TASK PROMPT — Please quote exactly the lines below from the line containing "La Consejería de" to the line containing "- Multifunctional Storage", both lines included, and nothing else.

Dataset entries:
+-------+
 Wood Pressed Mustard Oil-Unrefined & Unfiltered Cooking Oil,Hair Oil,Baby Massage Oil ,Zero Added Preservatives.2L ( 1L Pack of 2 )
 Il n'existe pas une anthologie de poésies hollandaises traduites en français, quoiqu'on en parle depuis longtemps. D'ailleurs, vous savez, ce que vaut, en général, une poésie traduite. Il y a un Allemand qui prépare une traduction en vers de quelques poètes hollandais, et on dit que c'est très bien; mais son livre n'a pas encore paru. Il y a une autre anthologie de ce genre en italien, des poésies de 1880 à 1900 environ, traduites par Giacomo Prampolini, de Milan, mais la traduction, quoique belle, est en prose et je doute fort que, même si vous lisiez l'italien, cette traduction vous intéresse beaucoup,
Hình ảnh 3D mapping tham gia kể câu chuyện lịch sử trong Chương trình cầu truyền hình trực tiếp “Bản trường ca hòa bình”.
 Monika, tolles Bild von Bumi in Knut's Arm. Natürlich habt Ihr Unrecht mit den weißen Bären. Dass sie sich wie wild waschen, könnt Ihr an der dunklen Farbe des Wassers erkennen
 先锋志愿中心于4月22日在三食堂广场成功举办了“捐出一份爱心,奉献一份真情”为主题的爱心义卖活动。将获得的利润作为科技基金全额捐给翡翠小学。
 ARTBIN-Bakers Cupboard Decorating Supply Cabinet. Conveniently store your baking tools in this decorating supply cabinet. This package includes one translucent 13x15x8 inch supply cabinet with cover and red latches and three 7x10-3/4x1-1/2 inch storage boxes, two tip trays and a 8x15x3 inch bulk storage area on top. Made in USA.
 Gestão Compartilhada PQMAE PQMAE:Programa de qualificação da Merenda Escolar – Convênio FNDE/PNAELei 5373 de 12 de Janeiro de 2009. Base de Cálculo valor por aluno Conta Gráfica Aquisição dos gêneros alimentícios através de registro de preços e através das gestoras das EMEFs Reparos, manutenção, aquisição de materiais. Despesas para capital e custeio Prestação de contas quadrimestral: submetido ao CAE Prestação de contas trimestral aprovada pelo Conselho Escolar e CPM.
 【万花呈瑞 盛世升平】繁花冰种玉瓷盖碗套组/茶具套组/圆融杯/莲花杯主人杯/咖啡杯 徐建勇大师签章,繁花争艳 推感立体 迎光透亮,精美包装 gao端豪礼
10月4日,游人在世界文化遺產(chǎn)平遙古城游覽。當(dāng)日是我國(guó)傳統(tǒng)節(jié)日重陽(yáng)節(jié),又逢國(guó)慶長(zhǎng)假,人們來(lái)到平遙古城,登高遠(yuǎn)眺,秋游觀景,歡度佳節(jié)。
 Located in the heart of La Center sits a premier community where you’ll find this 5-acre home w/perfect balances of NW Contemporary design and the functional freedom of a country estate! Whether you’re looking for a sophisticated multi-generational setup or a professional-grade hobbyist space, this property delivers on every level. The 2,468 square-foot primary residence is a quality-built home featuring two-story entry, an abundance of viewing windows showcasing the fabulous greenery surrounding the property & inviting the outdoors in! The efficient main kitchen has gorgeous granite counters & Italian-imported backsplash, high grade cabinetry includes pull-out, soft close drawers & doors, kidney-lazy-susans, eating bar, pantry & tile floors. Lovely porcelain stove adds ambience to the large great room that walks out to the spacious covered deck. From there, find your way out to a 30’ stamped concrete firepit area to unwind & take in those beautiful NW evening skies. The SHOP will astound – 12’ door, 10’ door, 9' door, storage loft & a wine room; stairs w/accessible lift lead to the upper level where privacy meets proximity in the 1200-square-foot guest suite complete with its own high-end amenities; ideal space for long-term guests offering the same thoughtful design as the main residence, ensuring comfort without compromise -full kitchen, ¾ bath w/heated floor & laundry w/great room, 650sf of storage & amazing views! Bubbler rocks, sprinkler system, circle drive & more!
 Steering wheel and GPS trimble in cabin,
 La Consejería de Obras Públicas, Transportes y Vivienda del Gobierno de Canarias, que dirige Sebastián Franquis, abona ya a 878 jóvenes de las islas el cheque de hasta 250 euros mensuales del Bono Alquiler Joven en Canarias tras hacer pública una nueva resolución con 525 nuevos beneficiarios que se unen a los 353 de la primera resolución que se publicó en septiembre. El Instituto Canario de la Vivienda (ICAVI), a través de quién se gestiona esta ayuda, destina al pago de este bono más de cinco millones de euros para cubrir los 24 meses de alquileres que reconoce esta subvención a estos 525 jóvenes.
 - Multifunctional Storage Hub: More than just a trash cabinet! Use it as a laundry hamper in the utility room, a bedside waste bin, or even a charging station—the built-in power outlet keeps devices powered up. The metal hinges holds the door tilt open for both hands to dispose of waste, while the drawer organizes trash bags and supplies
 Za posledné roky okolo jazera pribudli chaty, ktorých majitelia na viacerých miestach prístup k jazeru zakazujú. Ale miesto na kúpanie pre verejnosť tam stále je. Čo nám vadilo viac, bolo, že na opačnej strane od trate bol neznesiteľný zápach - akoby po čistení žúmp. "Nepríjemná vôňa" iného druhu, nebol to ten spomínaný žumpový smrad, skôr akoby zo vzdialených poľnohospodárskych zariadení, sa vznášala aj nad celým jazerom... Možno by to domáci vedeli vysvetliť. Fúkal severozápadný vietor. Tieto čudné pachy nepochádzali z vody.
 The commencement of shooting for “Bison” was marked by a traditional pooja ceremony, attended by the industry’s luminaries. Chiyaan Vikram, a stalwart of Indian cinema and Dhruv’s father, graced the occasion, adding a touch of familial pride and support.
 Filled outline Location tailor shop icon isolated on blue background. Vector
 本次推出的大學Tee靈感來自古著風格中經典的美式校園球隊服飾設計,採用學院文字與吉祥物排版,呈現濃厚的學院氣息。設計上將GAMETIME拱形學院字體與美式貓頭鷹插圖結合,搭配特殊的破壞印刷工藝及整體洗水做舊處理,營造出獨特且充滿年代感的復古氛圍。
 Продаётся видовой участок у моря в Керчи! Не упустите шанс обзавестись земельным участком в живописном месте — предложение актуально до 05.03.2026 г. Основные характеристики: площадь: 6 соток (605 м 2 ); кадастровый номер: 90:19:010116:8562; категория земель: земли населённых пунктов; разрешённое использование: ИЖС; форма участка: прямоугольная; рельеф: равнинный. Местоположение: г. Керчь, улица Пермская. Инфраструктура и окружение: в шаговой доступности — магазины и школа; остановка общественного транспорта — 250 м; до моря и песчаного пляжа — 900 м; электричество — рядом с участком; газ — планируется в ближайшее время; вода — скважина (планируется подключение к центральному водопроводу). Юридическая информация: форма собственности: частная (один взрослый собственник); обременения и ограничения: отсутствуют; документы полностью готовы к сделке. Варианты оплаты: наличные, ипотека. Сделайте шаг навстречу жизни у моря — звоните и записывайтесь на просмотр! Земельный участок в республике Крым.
+-------+
OUTPUT BELOW —
 La Consejería de Obras Públicas, Transportes y Vivienda del Gobierno de Canarias, que dirige Sebastián Franquis, abona ya a 878 jóvenes de las islas el cheque de hasta 250 euros mensuales del Bono Alquiler Joven en Canarias tras hacer pública una nueva resolución con 525 nuevos beneficiarios que se unen a los 353 de la primera resolución que se publicó en septiembre. El Instituto Canario de la Vivienda (ICAVI), a través de quién se gestiona esta ayuda, destina al pago de este bono más de cinco millones de euros para cubrir los 24 meses de alquileres que reconoce esta subvención a estos 525 jóvenes.
 - Multifunctional Storage Hub: More than just a trash cabinet! Use it as a laundry hamper in the utility room, a bedside waste bin, or even a charging station—the built-in power outlet keeps devices powered up. The metal hinges holds the door tilt open for both hands to dispose of waste, while the drawer organizes trash bags and supplies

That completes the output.